If she had lived, Mary Jo Kopechne would be 62 years old. Through his tireless work as a legislator, Edward Kennedy would have brought comfort to her in her old age.

The MRC has been peddling this attack on Pierce for years ever since it appeared in a January 2003 article, even awarding Pierce the "Ozzy Osbourne Award (for the Wackiest Comment)" at its 2004 Dishonors Awards.

The problem? It's taken out of context. As Pierce wrote in an October 2004 American Prospect article:

In January of 2003, I wrote a piece for The Boston Globe Magazine ruminating on the 40 years that Edward Kennedy has been in the United States Senate. At one point early on, I decided to deal with The Great Unmentionable at the heart of that career, so I wrote:

And what of the dead woman? On July 18, 1969, on the weekend that man first walked on the moon, a 28-year-old named Mary Jo Kopechne drowned in his automobile. Plutocrats' justice and an implausible (but effective) coverup ensued. And, ever since, she's always been there: during Watergate, when Barry Goldwater told Kennedy that even Richard Nixon didn't need lectures from him; in 1980, when his presidential campaign was shot down virtually at its launch; during the hearings into the confirmation of Clarence Thomas, when Kennedy's transgressions gagged him and made him the butt of all the jokes. She's always there. Even if she doesn't fit in the narrative line, she is so much of the dark energy behind it. She denies to him forever the moral credibility that lay behind not merely all those rhetorical thunderclaps that came so easily in the New Frontier but also Robert Kennedy's anguished appeals to the country's better angels.

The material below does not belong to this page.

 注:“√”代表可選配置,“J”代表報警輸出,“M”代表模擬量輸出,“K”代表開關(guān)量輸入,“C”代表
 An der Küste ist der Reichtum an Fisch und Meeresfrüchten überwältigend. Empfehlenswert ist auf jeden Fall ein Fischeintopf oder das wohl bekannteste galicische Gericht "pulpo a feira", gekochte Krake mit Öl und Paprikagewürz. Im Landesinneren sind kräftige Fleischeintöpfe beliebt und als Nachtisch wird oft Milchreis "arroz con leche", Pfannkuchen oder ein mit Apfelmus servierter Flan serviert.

And then, a few paragraphs later, I concluded the passage with the following:

If she had lived, Mary Jo Kopechne would be 62 years old. Through his tireless work as a legislator, Edward Kennedy would have brought comfort to her in her old age.

Now, I thought that was a tough, but fair, shot. Some people disagreed. The following Saturday, some veteran liberals chided me over the hors d'oeuvres at a dinner party. Some other people agreed. James Taranto of OpinionJournal cited it as evidence that I didn't like the senior senator very much. And my friend Dan Kennedy called it a "paragraph of pure poison." I didn't necessarily agree with them, but they rather obviously got my point -- which is about as good as a writer can hope for these days from the public discourse.

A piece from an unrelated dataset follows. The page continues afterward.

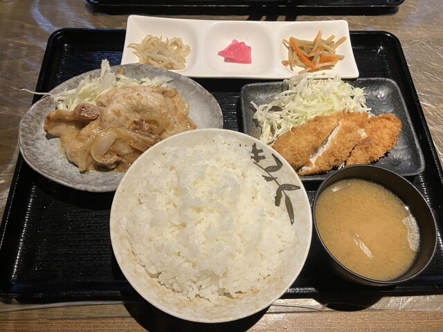 ボードから好きな二品を選ぶ仕組みで、相方が絶対美味しそうだと言っていた豚しょうが焼きとササミチーズカツをオーダー、ライスは無料で大盛りを選べます。

Baker's original 2003 item doesn't mention that Pierce's statement came in the context of a larger statement about how the Chappaquiddick incident effectively keeps him from having the "moral credibility" to be president -- indeed, a search of the MRC archive indicates that it has never placed the Pierce quote in its proper context, nor has it apparently responded to Pierce's criticism.

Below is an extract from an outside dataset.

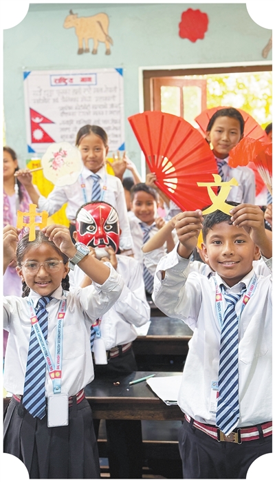 尼泊尔巴尔维卡什英语学校学生在一堂中国文化课结束后合影。
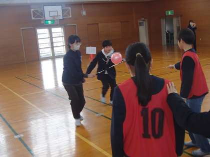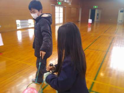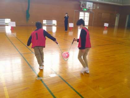 体育館では、6年生とペアになってバドミントンラケットでボールをはさみ、落とさないよう協力しながらゴールを目指しました。

And, to cap things off, the MRC didn't even invite Pierce to their little shindig to pick up that award personally:

I was crushed. This is a big event in Washington every year. Hundreds of sweaty fat guys in tuxedos lust across the ballroom at Laura Ingraham and my gal, Annie Coulter. A hip evening for people who haven't been hip since the night they quoted Ayn Rand to their dates at the Junior Prom. A night of lechery and drunkenness among people who should confine their involvement with the seven deadly sins to Envy, Gluttony, and Rage. I was owed this spectacle.

Hey, I was an award-winner here. I know where to get a tux in D.C. I even had a speech prepared. This is how it started:

"Thank you all. It's nice to be here and to see everyone in such a fine mood. I've never seen Bill Bennett this happy with anything that didn't have a handle on its side.

"Oh, come on, Rush. Twenty more milligrams and that would've been damn funny."

I would have killed, I tell you.

Instead, accepting in my place was ... Mohair Sam Donaldson.

Sam Freaking Donaldson?

Apparently, Sam was gracious. He said one day he hoped to write as well as I do, which apparently got a big laugh. But Sam's no Sacheen Littlefeather, I'll tell you that.

Not only do Baker and the MRC continue to distort Pierce's words years after they have been proven to be something other than what the MRC claims them to be, the MRC won't even pony up for dinner.

UPDATE: Baker's post also apepars in the Aug. 11 MRC CyberAlert.